Por tudo que representa de odioso, Jair Messias Bolsonaro (PL) precisa ser banido do cenário político brasileiro. Declaradamente racista, homofóbico, machista, propagador de ódio contra a comunidade LGBTQIAP+, incentivador de invasões de territórios pertencentes aos povos originários, mentiroso, péssimo gestor público, responsável pela divulgação em massa de notícias falsas, e, o pior: o miliciano e ladrão da “rachadinha” não tem nehum apreço pela democracia.
O criminoso é uma ameaça permanente contra as instituições republicanas e coloca em risco, a cada fôlego e palavra proferida, o Estado Democrático de Direito.
Na pandemia, Bolsonaro além de atrasar em mais de 30 dias a vinda de vacinas que poderiam ter salvado a vida de pelo menos 100 mil brasileiros, o belzebu em forma de gente desdenhou dos acometidos pela covid-19, ao imitar de forma esdrúxula pessoas com falta de ar. O genocida não teve nenhuma empatia pelos milhares de mortos, e muito menos pelos familiares enlutados.
O crápula também promoveu aglomerações, disseminou o uso de medicamentos que comprovadamente não funcionam, e atuou de forma deliberada contra as vacinas garantidoras da vida.
Trata-se, sim, de crime de lesa-pátria. Neste domingo (16), o país chegou a 687 mil óbitos em decorrência do coronavírus. Apesar de contar com 3% da população mundial, o Brasil registrou 11% dos casos fatais da covid-19, conforme dados oficiais de organismos como a OMS (Organização Mundial de Saúde).

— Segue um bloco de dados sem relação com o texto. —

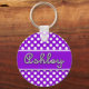 Chaveiro em pequenos pontos brancos em fundo roxo com o nome Ashley impresso.
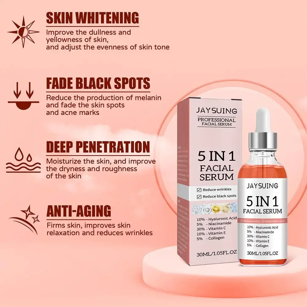 .This 5-in-1 facial serum delivers complete skin care in one formula. It deeply moisturizes the skin with hyaluronic acid. Vitamin C helps brighten the complexion and improve skin tone. The serum supports reduction of fine lines and wrinkles. It helps minimize the appearance of pores for smoother skin. Lightweight and fast-absorbing, it feels comfortable on the face. Regular use improves skin elasticity and softness. The formula is suitable for daily skincare routines. It works well for most skin types. This serum helps achieve hydrated, radiant, and youthful-looking skin.
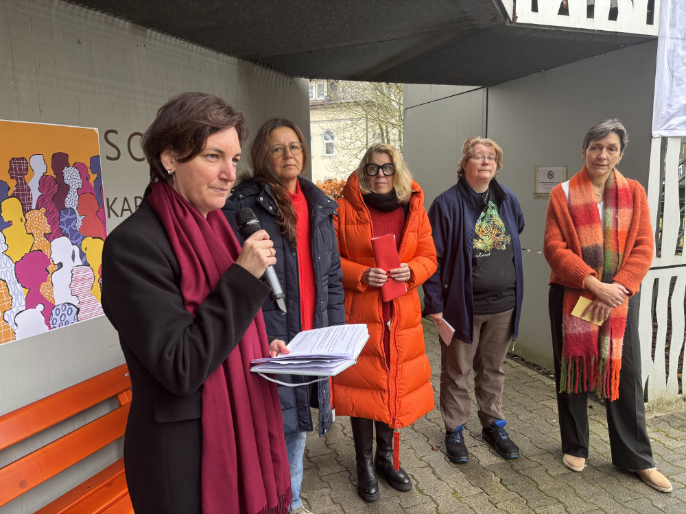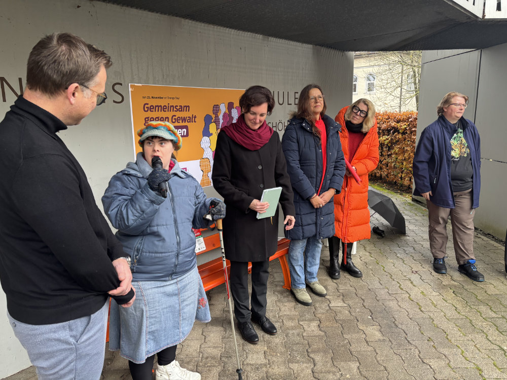 Grußworte sprachen auch Sarah Schwarm, gewählte Frauenbeauftragte der Theo-Lorch-Werkstätten gGmbH, Kristina Wolff und Cynthia Schönau, Gleichstellungsbeauftragte von Stadt und Landkreis, und Diana Hassel, Frauenbeauftragte der Stuttgarter Neckartalwerkstätten. „Uns eint das Bewusstsein, dass Gewalt gegen Mädchen und Frauen eine globale Menschenrechtsverletzung ist, die nicht vor Ludwigsburg Halt macht. Gewalt hindert Frauen und Mädchen daran, ihr Potential voll auszuschöpfen. Sie wirkt sich auf die gesamte Gesellschaft aus, mit enormen sozialen und wirtschaftlichen Kosten und generationsübergreifenden Auswirkungen auf Kinder“, so Kristina Wolff. „Im Landkreis Ludwigsburg nahm Partnerschaftsgewalt um mehr als 37 Prozent zu im Jahresverlauf von 2023 zu 2024“, ergänzte Cynthia Schönau. “Der Orange Day soll uns Jahr um Jahr daran erinnern, dass die eklatanten Menschenrechtsverletzungen gegen Mädchen und Frauen nicht hinnehmbar sind.“
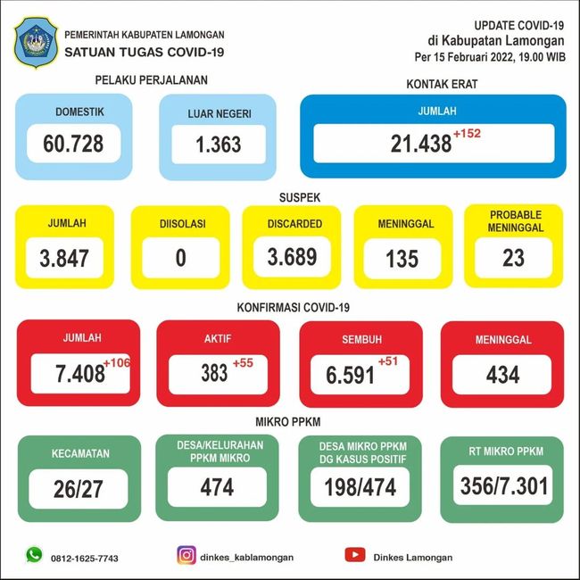 Data yang ada di Dinkes Lamongan per 15 Februari, angka terkonfirmasi positif COVID-19 aktif sebanyak 383 pasien atau naik 55 pasien dari hari sebelumnya. Sementara, Untuk Bed Occupancy Rate (BOR) di Lamongan hingga saat ini adalah 17,42 persen.
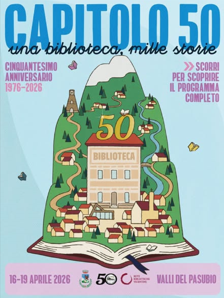 A partire da giovedì 16 aprile 2026 fino a domenica 19 aprile 2026, si potrà assistere a diverse attività proposte dalla Biblioteca Comunale di Valli del Pasubio in onore del suo Cinquantesimo Anniversario.

O bolsonarismo também deu muito poder e destaque para figuras tacanhas como Ricardo Salles, o falso ministro do Meio Ambiente que queria “passar a boiada” para jogar no chão a floresta Amazônica; Sérgio Camargo, o presidente da Fundação Palmares que atuava como um serviçal de racistas; Abraham Weintraub, aquele ex-ministro da Educação desdenhador da ciência e propagador de sandices como quando regurgitou que “as universidades públicas brasileiras são antros de maconheiros”.
Há também o amalucado e fascista Carluxo, o falecido “terraplanista” Olavo de Carvalho, a prevaricadora Damares Alves, o juiz suspeito e corrupto Sérgio Moro, o pastor metido em ladroagem no Ministério da Educação Milton Ribeiro, entre outros tantos obscurantistas, que, trocados por excremento humano são caros. Pelo bem de nossa jovem democracia e respeito à Carta Magna, todos precisam ser politicamente anulados, até o fim dos tempos.
Na economia, Paulo Guedes exibiu na prática o que significa aporofobia, ou o ódio contra pobres, ao reclamar da ascensão social das empregadas domésticas que viajavam à Disney, e, principalmente na prática, ao fazer uma gestão vergonhosa no Ministério da Economia, responsável por deixar milhares de compatriotas famintos.
A inflação de até 200% nos preços da carne e em itens da cesta básica fez com que assistíssemos brasileiros em filas gigantescas para pegar ossos e carcaças para cozinhar, ou revirando lixões em busca de restos de comida.
Fora a alta de até 100% nos preços dos combustíveis, entre o final do ano passado e meados de 2022, além do endividamento massacrante de milhares de dezenas de famílias. O tal neoliberalismo foi bom somente para o andar de cima, e olhe lá.
Assim, agora, no segundo turno é Lula ou barbárie. Portanto, você que lê este texto, dia 30 de outubro, faça um grande favor à nação: aperte 13 e “confirma” com toda a força do mundo!!!